Если сравнивать с теми фотографиями, что он видел, рот у нее теперь немного провалился, ушел куда-то вглубь; на лице появились морщины, блеск в глазах пропал. Она казалась гораздо старше своих тридцати лет.
– Сьюзен?
– Да.
– Сьюзен Блэклок?
На секунду ему показалось, что она сейчас убежит, бросится в дом и запрет дверь; наверное, ей не раз представлялся этот кошмар, преследовал ее, все время повторяясь.
«Закрой глаза, и он исчезнет; открой, и его тут уже не будет…»

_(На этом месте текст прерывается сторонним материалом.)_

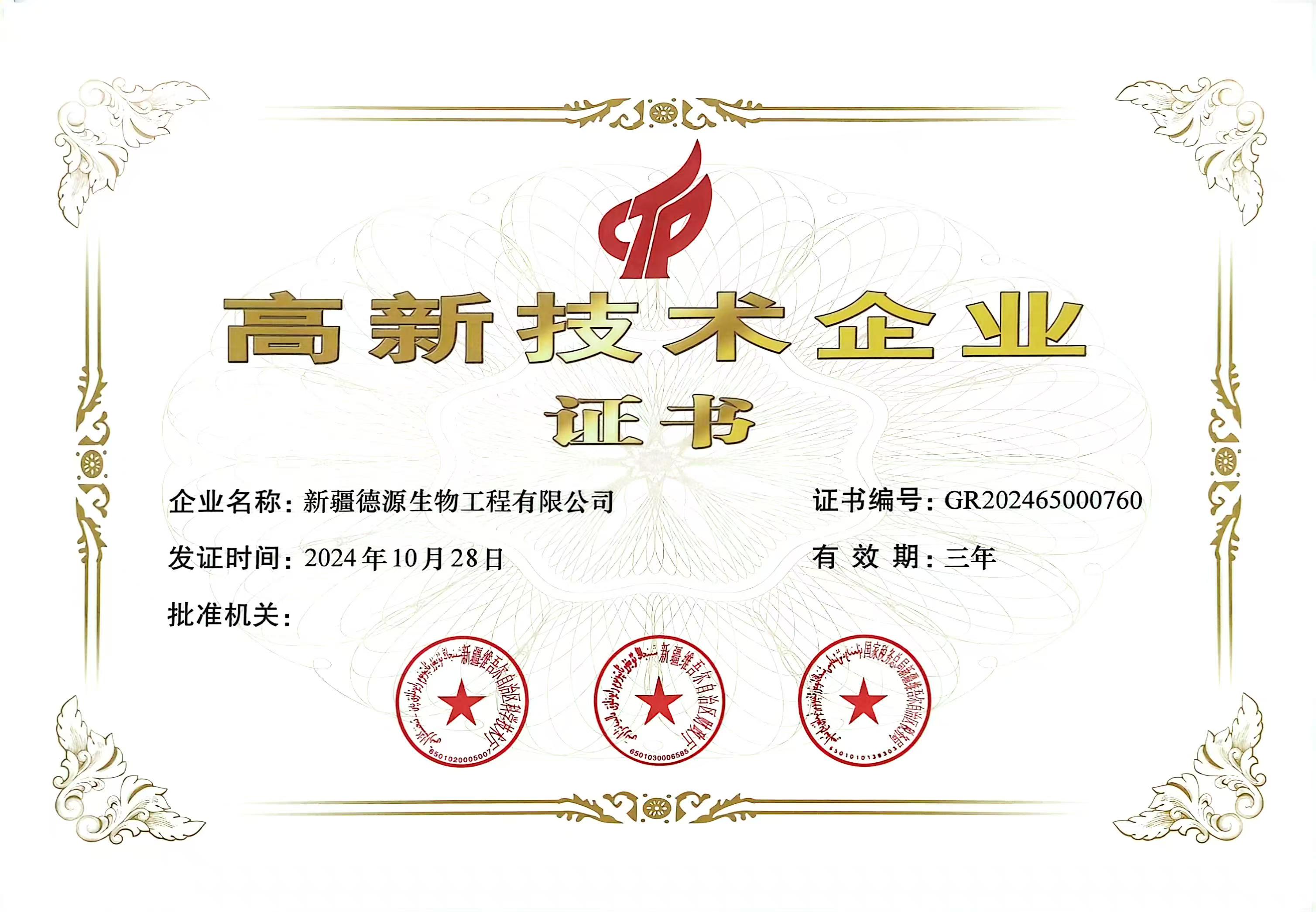 高新技术企业证书

Но он по-прежнему был здесь.
– Кто вы? – спросила она низким голосом.
– Фрэнк Элдер. Я был одним из полицейских, расследовавших дело о вашем исчезновении.
– Боже мой!
Широко открыв рот, она выдохнула, словно выпустила из себя весь воздух, и качнулась вперед; Элдер протянул руки, чтобы ее подхватить, но она выпрямилась, уцепившись рукой за дверную раму.
– Как это вы… Нет, я хочу сказать… Зачем? Зачем? Ведь столько лет прошло…
– Я хотел убедиться, что вы живы.
– И для этого приехали в такую даль?
– Да.
Глаза ее наполнились слезами, и она отвернулась. Позади нее на кухонном столе Элдер заметил термос, ломти только что намазанного маслом хлеба – с некоторых была срезана корочка, – сыр и тонкие ломтики ветчины.
Сьюзен вытащила из кармана джинсов платок, вытерла лицо, высморкалась, извинилась.
Элдер покачал головой.
– Значит, вы знаете, что тогда произошло? – спросила она.
– Думаю, да.
Она кивнула, шмыгнула носом и отступила на полшага назад.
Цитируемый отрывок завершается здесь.